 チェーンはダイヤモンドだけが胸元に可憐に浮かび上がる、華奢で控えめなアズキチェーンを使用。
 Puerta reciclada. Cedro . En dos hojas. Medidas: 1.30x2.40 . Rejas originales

====================

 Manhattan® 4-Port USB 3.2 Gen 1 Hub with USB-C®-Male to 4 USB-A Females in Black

====================

:: TASK GOAL ::
Everything starting at the line containing "チェーンはダイヤモンドだけが" and ending at the line containing "Puerta reciclada. Cedro" in the records above should be repeated exactly, and only that.

:: PROBLEM SOLUTION ::
 チェーンはダイヤモンドだけが胸元に可憐に浮かび上がる、華奢で控えめなアズキチェーンを使用。
 Puerta reciclada. Cedro . En dos hojas. Medidas: 1.30x2.40 . Rejas originales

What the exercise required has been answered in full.